Escritor

Quizá cuando pasen por nosotros un puñado de años, de todos los cantantes que han levadurizado entre los setenta y los noventa sólo quede memoria de Serrat y de Sabina. De los otros habrá una canción, un estribillo, una anécdota, pero acudir a Serrat o a Sabina será como acudir al viejo Romancero, a las letrillas de Lope: destapar el tarro de los aromas de generaciones viejas. Y el caso es que entre ambos hay un mundo de disimilitudes, el mismo que dista a la inocencia del desencanto. Porque ahí es donde veo yo el genio de estos dos cantantes. A su modo, cada uno ha versificado la sustancia de un tiempo apenas distante entre sí, pero lejísimos en lo que atañe al modo de vibrar y de amar y de enfrentarse a la vida. Serrat es el cantor del amor becqueriano, el hermano mayor que nos enseñaba a hurgar en libros de doble lectura, un novio que se resignaba a devolver a su chica antes de que diesen las diez, y que luego aplicó la misma templanza para educar a los locos bajitos que le iban naciendo; Serrat fue un revolucionario sensato, quizá porque pertenece a una época en la que tampoco se consentían demasiadas estridencias. Lo de Sabina es otro cantar. Siendo como es un altísimo poeta, nadie lo querría por yerno, ni siquiera de vecino. Como artista es una alondra urbana, el cantor del amor mercenario, el que puede sin pudores mezclarse con los golfantes que en una noche de farra le robaron el reloj y la cartera, para luego acabar con ellos de putas y de cocaína por los tugurios del Madrid más truculento. Sabina recoge en sus canciones la espuma de una generación ya esquilmada de ilusiones, el desencanto de quienes malviven en el corazón de ciudades que no entienden de piedad ni ternura.

Si Serrat quebraba su voz como un hielo al clarear, lo hacía por un amor aprendido en los libros de Machado y de Hernández; pero a Sabina la voz sólo se la quiebran los excesos y con ellos se ha ido ganando la palma del poeta del tedio, los laureles del genio de la perversión que igual atina a ensalzar a la confusa Magdalena de un burdel de carretera que al vomitivo Torrente o al ladrón de un furgón blindado.
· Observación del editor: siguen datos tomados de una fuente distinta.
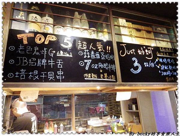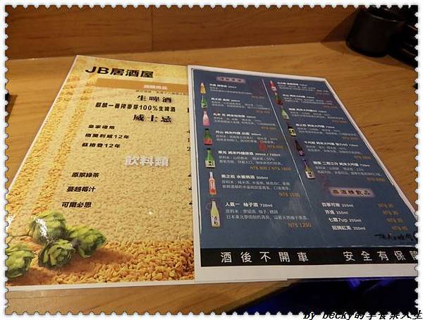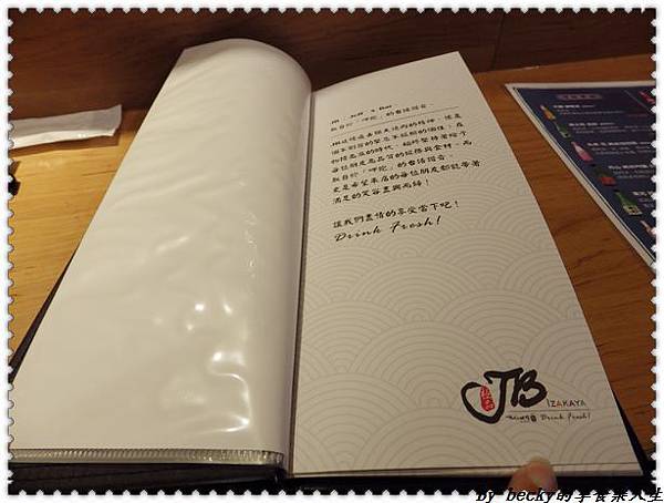 這是菜單第一頁是說明JB的由來:「JB極品居酒屋」的JB取自於老闆Jeff的名字,Jeff’s Bar也是「呷飽」的台語諧音。

Sabina, en cualquier caso, es un magnífico juglar de los tiempos que corren, y aunque él habría preferido embucharse en la vitola de un poeta maldito --y por eso tal vez persiste en su pose de niño terrible de juglaría--, la vida le ha llevado por otros derroteros, y lo ha condenado al éxito.
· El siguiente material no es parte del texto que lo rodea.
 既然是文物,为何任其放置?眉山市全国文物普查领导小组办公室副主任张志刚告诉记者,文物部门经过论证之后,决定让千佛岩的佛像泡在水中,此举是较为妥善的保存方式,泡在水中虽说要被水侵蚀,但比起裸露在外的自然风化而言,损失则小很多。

Yo me confieso admirador de ambos por igual. La voz de Serrat me lleva al paraíso de mis años más amables, a las primeras copas en vaso largo, a una noche y a un parque y a los labios de una mujer que, con ser una bella historia de amor, nunca se llamó Lucía. Son los años en que nuestras vidas atravesaban los primeros umbrales de una transición que prometía milagros a la vuelta de cada esquina, y al doblarla sólo encontramos butroneros.

Los versos de Sabina, sin embargo, saben ya a tabaco y a preservativo; sus canciones son las que se escriben con el corazón amojamado, con la pluma aún chorreante de lágrimas que le brotan a los espejos traicionados o cuando ya apenas si quedan secretos en las cajoneras del entendimiento. Aun así, si yo fuera Fausto o Dorian Gray, sólo trocaría mi porción de eternidad a cambio del talento de cualquiera de estos dos poetas de lo cotidiano; pero siempre que lo intento o ha salido el tranvía o las musas han pasado de mí.